A week after Raptor Red lured the female acro to her death in the surf, three more family groups of acros showed up on the beach. It was too much for Raptor Red and her sister to deal with. Winds from the north were free of acro scent, so the raptor pack went north.
And up. The Utahraptor family’s flight leads them to higher and higher elevations, far higher than Raptor Red has ever been.
After a long day of zigzagging up a mountain valley, Raptor Red’s sister nuzzles her. It surprises Raptor Red. Her sister is not the huggy type.
Her sister’s mind is usually a muddle of conflicting rages that she can barely control. She fears and hates the smell of other raptors. She’s driven to apoplectic anger when she senses acrocanthosaurs nearby. And she flails her arms in frustration when the physical elements go against her - when it’s too windy or too rainy or too hot.
One central purpose holds her thoughts together: protect her chicks, protect her family, protect her sister.
Now penetrating through her paranoid and frequently frantic intellectual fog is the realization that Raptor Red is sad. And Raptor Red’s sister has finally figured out that this sadness began when the young male left.
To Raptor Red’s sister, the young male was a dangerous annoyance. She hated him from day one. She wanted to get rid of him. She never could figure out why Raptor Red protected him.
She still doesn’t understand. But she wants to make Raptor Red feel better, so she nuzzles and gurgles awkwardly. She’s trying hard, but her instinctive skills of comforting a sibling are poorly developed.
Raptor Red turns away. She still blames her sister for depriving her of her young mate.

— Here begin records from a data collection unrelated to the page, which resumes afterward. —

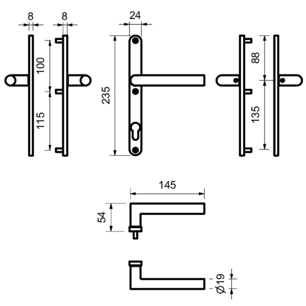 Štítkové kování pro rámové dveře s extra úzkým štítkem
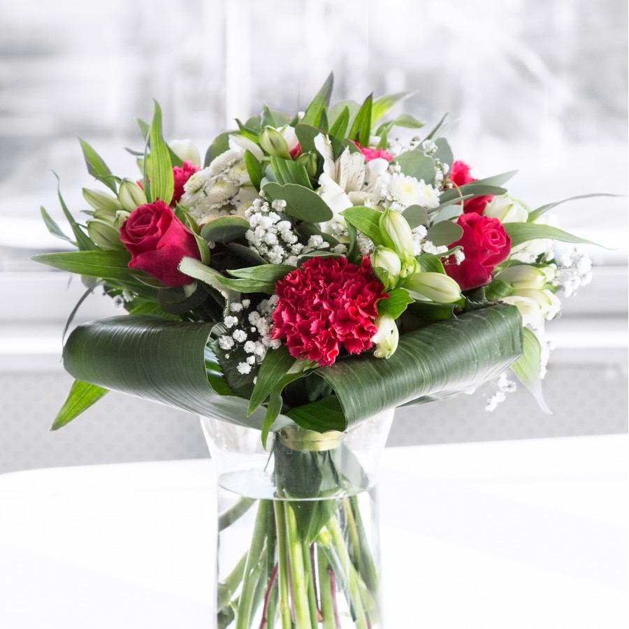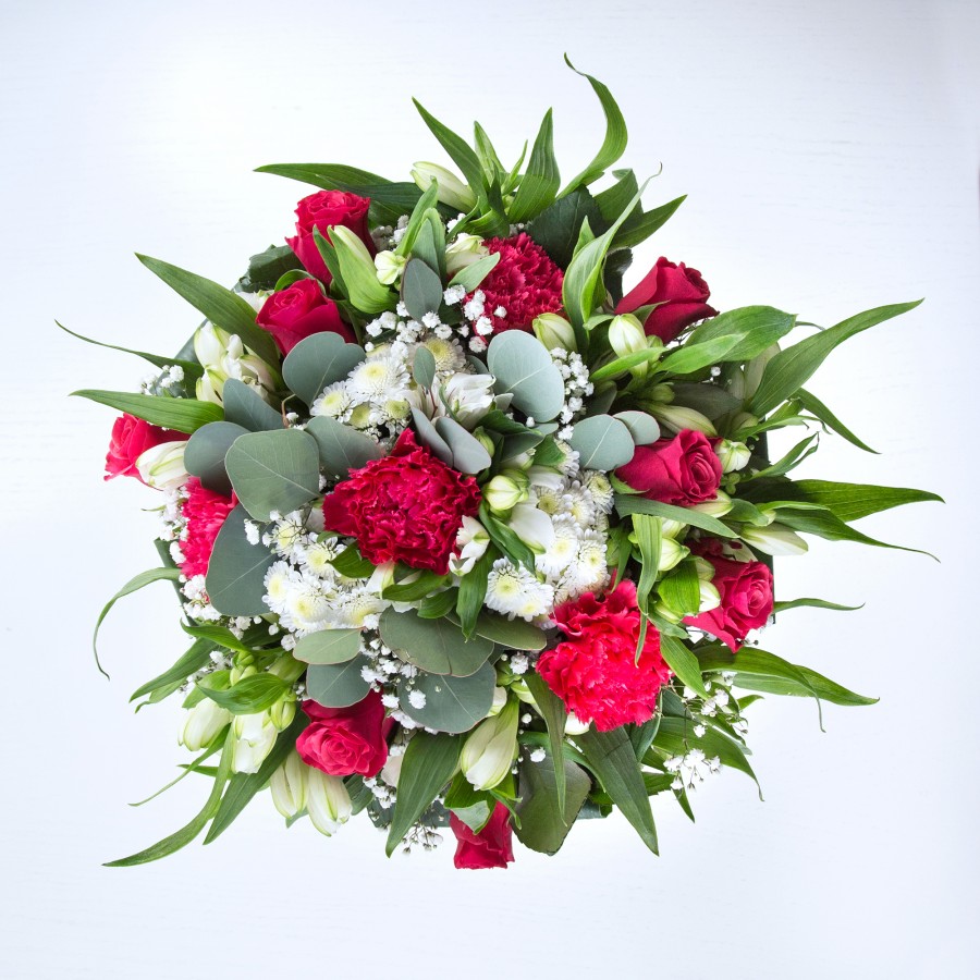 Discover the timeless beauty of our exquisite flower arrangement. This bouquet features luxurious red roses and carnations seamlessly blended with sweet white chrysanthemums and gypsophila, accented by white alstroemeria and aspidistra leaves for a sophisticated touch.
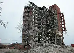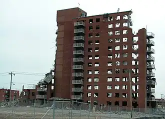 Built by the same firm, Leinweber, Yamasaki & Hellmuth,[2][3] as the infamous Pruitt–Igoe complex, Cochran Gardens was more successful than its ill-fated sister project. In the mid 1970s, Bertha Gilkey and a group of friends successfully led a community driven rehabilitation effort; in 1976 she won a property management contract from the city.[4] Independent management improved Cochran Gardens and created small business jobs in the neighborhood.[5] President George H. W. Bush visited the site in 1991, commending tenant management and Bertha Gilkey. However, in 1998 city authorities took over Cochran Gardens, citing tax mismanagement by the tenant association. The buildings rapidly deteriorated. By 1999 vacancy rate increased from under 10% to one-third.
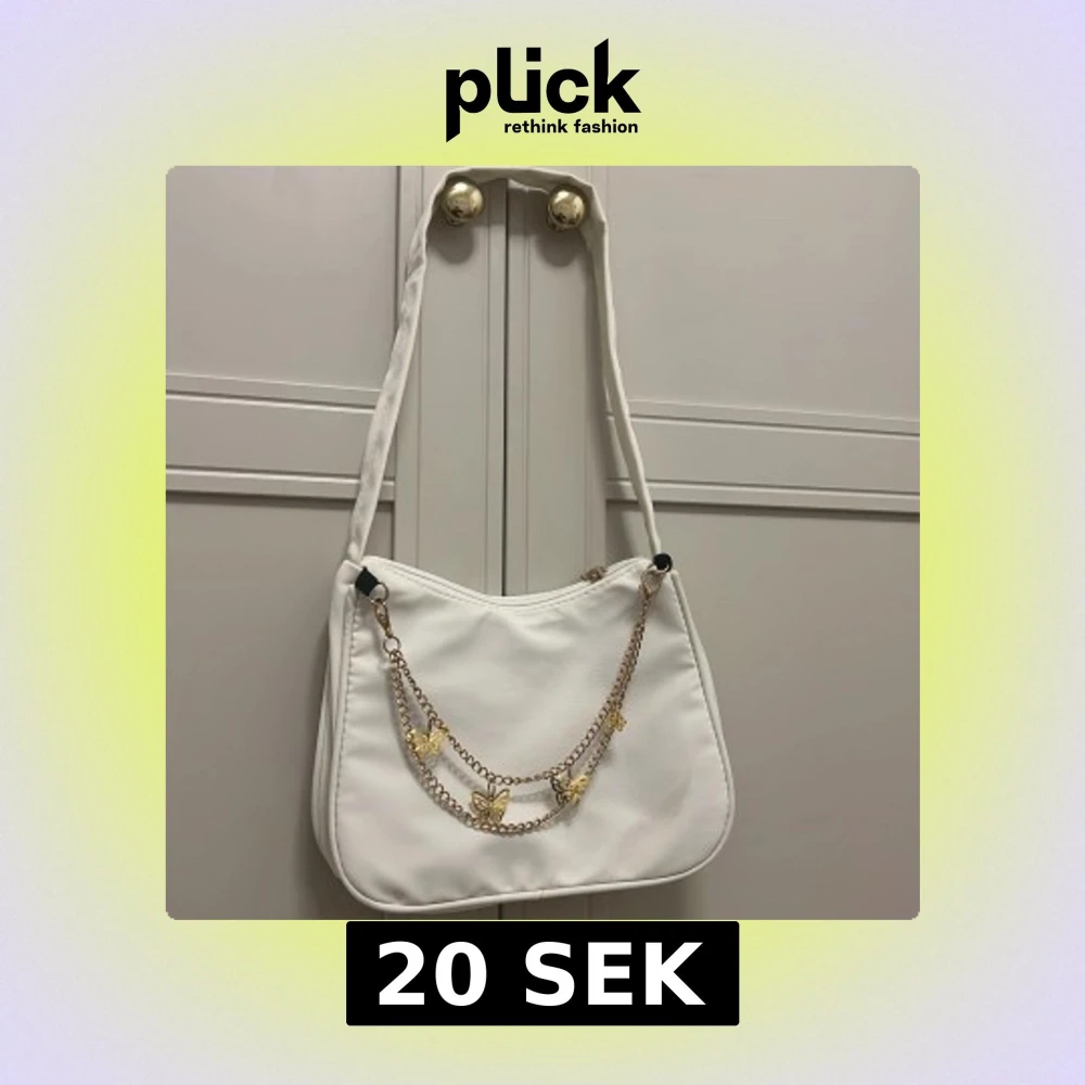 Snygg vit axelväska i syntetmaterial med mjuk form och dragkedja upptill. Framsidan är dekorerad med en guldfärgad kedja och små fjärilar som ger väskan en unik och trendig look. Perfekt storlek för det viktigaste och enkel att bära över axeln.

Her sister follows, making exaggerated submissive movements with head very low. She’s not very good at it. She’s had little practice in submission rituals.
Her clumsiness eventually causes her to run her snout directly into a fallen log. She trips, tries to regain her balance by digging her left forepaw into the ground, tumbles over herself, and lands on her back with a sour look on her face.

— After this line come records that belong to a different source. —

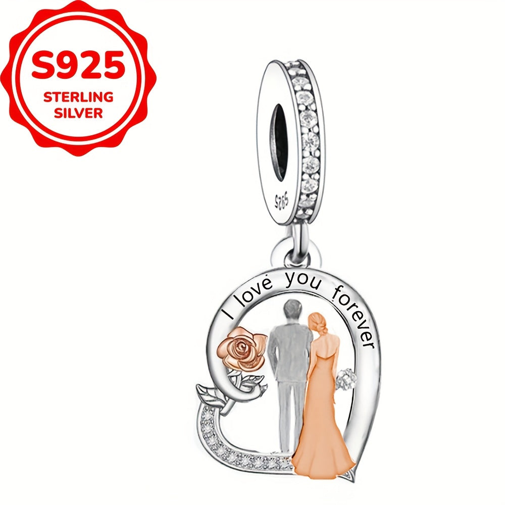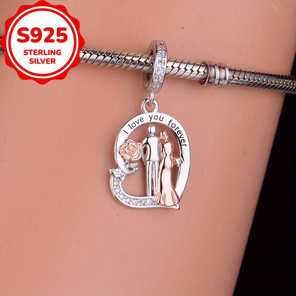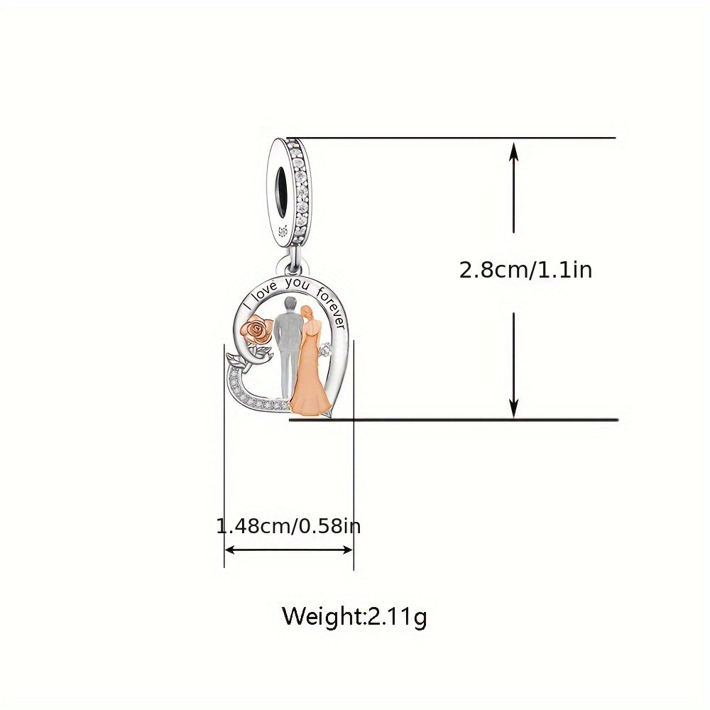 This 925 sterling silver pendant features a couple style design with heart-shaped and rose decoration charms, perfect for DIY jewelry making. Ideal for birthdays or holidays.
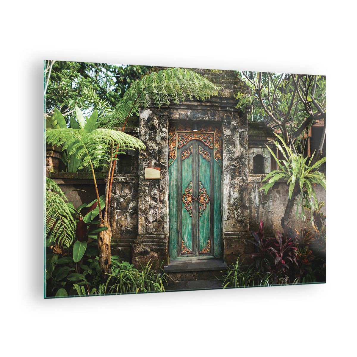 Impression sur Verre 70x50cm Tableaux Image Photo Portail Porte Vert Decoration
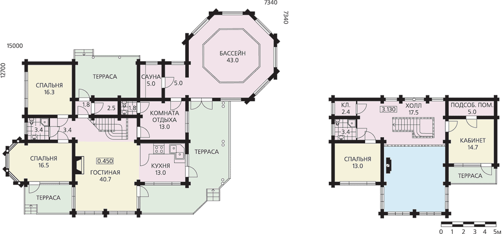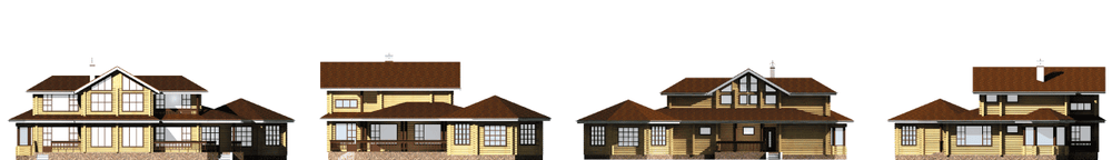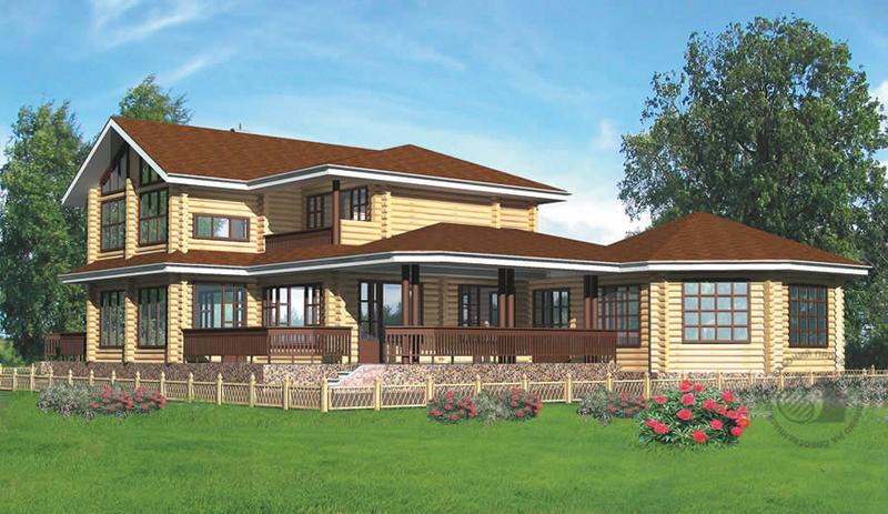Великолепный образец дома для отдыха. Бревенчатый сруб обеспечит экологичность и комфортность, большие крытые террасы позволят проводить время на открытом воздухе в любую погоду, а бассейн и сауна помогут расслабиться и полноценно отдохнуть. Основные помещения дома на первом этаже дополнены двумя спальнями мансарды. Подвал в доме отсутствует, невысокое чердачное пространство не эксплуатируется. Нетривиально и очень интересно решен бассейн. Он расположен в многограннике угловой пристройки и связан с жилой частью дома через комнату отдыха. При желании от бассейна можно отказаться, не нарушив при этом целостности всего дома. Жилая зона первого этажа представлена большой, двусветной гостиной с камином, смежной с ней кухней и двумя спальнями. Спальни несколько отнесены от гостевой зоны, имеют свой небольшой холл и санитарный блок. Такое зонирование логично, удобно и обеспечивает необходимый уровень комфорта.

If evolution had given Raptor Red a full set of lip muscles, she’d smile.
She moves over to her sister and gracefully caresses her neck and shoulders.
Raptor Red lets her sister make all the decisions now. She’s the pack leader. And the pack continues to go up, climbing the seaward side of a mountain range clothed in heavy forests of tree ferns and tall conifer trees. The air becomes clearer, fresher, and much colder, especially at night.
Raptor Red pauses to stick her snout high in the breeze. Yes indeed, there are no acrocanthosaurs here. She sniffs again and sighs. There are no Utahraptor males either.
The pack feasts on a dead iguanodon they find covered by fallen leaves. Raptor Red winces when she cuts the meat with her teeth. The iguanodon’s flesh feels hard and cold against her gums. She tastes ice crystals in the connective tissue.
Raptor Red’s sister looks up at the sky. Her keen eyes follow something small and light falling in irregular spirals. Maybe a bug.